|
|
amjad ali wrote:
Dear E. Loh.
Another is whether you can
overlap communications and computation.
This does not require persistent channels, but only nonblocking
communications (MPI_Isend/MPI_Irecv). Again, there are no MPI
guarantees here, so you may have to break your computation up and
insert MPI_Test calls.
You may want to get the basic functionality working first and then run
performance experiments to decide whether these really are areas that
warrant such optimizations.
CALL MPI_STARTALL
-------perform work that could
be done with local data ---------------- (A)
CALL MPI_WAITALL( )
-------perform work
using the received data --------------- (B)
In the above I have broken up the computation.

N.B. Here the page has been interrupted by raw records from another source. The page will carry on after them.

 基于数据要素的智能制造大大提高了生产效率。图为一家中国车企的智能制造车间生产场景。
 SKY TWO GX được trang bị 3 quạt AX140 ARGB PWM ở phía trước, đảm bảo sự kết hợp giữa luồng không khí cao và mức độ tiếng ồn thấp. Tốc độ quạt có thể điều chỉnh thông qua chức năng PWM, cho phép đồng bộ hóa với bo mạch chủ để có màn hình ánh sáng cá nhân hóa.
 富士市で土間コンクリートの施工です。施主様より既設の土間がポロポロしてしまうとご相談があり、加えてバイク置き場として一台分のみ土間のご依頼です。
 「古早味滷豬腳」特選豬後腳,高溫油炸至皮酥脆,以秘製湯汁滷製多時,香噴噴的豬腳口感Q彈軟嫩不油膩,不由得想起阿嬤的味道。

In (A) I perform the
work that could be done with local data. When the recevied data is must
for remaining computations I put WAITALL to ensure that data data from
the neighbouring processes has received. I am fine with MPI_IRECV and
ISEND, i.e.,
CALL MPI_IRECV()
CALL MPI_ISEND()
-------perform work that could
be done with local data ---------------- (A)
CALL MPI_WAITALL( )
-------perform work
using the received data --------------- (B)
But I am doubtful whether I am getting computation-communication
overlap to save time.or I am getting the the same performance as could
be obtained by,
CALL MPI_IRECV()
CALL MPI_ISEND()
CALL MPI_WAITALL( )
-------perform work that could
be done with local data ---------------- (A)
-------perform work
using the received data --------------- (B)

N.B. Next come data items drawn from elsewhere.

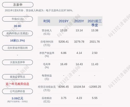 2021年1至6月份,京泉华的营业收入构成为:电子元器件占比97.66%。
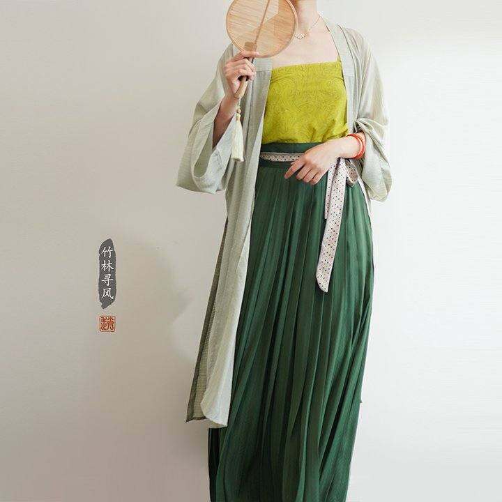 【竹林寻风】赵氏汉服天丝夏宋制汉服折领长衫粽叶绿百迭裙百褶裙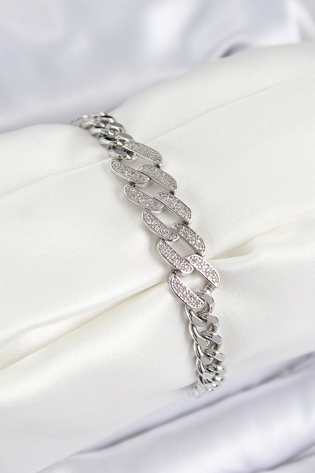 YRTCL Pirinç Zirkon Taşlı Ezme Küba Zincir Model Gümüş Renk Kadın Bileklik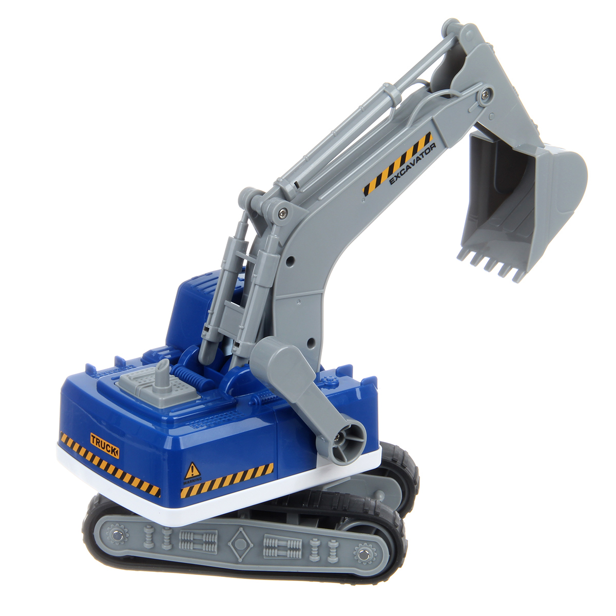 2. Экскаватор. Катается вперед и назад, гусеницы мягкие, снимаются. Кабина крутится на 360 градусов, боковой рычаг поднимает, опускает, складывает и раскладывает сегмент стрелы.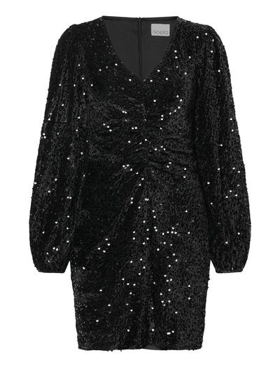 Teagan SH Dress is one of our popular sequin dresses. It features a deep v-neckline, long sleeves, and gathered details at the front that provide a flattering fit.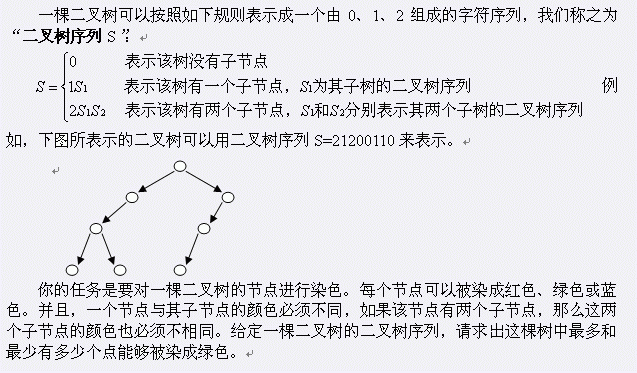输入文件仅有一行,不超过10000个字符,表示一个二叉树序列。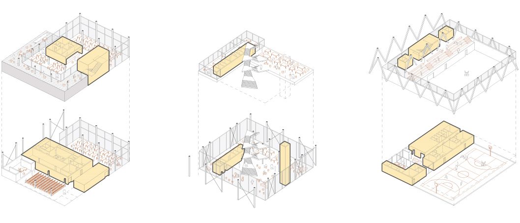 L’idea progettuale proposta considera la nuova scuola, non solo come spazio innovativo di apprendimento destinato ai suoi fruitori, ma come un vero e proprio luogo di comunità, pensato per offrire nuovi spazi destinati a favorire il confronto e l’integrazione; un luogo familiare e protettivo in cui ritrovarsi nelle diverse fasi dello sviluppo individuale e in diverse occasioni della vita collettiva. La proposta consiste nell’inserimento di tre volumi basamentali contenenti le funzioni condivise dalla Cittadella scolastica, permeabili e attraversabili dagli spazi vegetali e sportivi, al di sopra dei quali si colloca il volume contenente le aule e gli spazi laboratoriali. L’edificio si sviluppa su quattro livelli e si presenta come un organismo razionale al cui interno si articolano le varie attività. In contrasto con la compattezza dell’edificio, il progetto è stato sviluppato rimarcando una dualità formale, specchio della compresenza al suo interno di funzioni condivise con gli altri istituti della Cittadella dello Studente e di attività di esclusiva pertinenza della scuola.

In this case (equivalent to blocking communication), I observed that
only around 5% more time it takes.
Right. Again, MPI makes no guarantees that communications are actually
progressing between when you have posted nonblocking operations (like
Isend or Irecv) and when you force them to complete with MPI_Wait
calls. Sometimes (depending on the MPI implementation and what
interconnect is being used to effect a particular message), you have to
decompose the computation more finely. E.g., your situation might be:
CALL MPI_ISEND()
call my_work() ! no MPI progress is being made here
CALL MPI_WAIT()
and it's conceivable that you might have better performance with
CALL MPI_ISEND()
DO I = 1, N
call do_a_little_of_my_work() ! no MPI progress is being made
here
CALL MPI_TEST() ! enough MPI progress is being made
here that the receiver has something to do
END DO
CALL MPI_WAIT()
Whether performance improves or not is not guaranteed by the MPI
standard.
And the SECOND desire is to use Persistent communication
for even better speedup.
Right. That's a separate issue.
|
|
|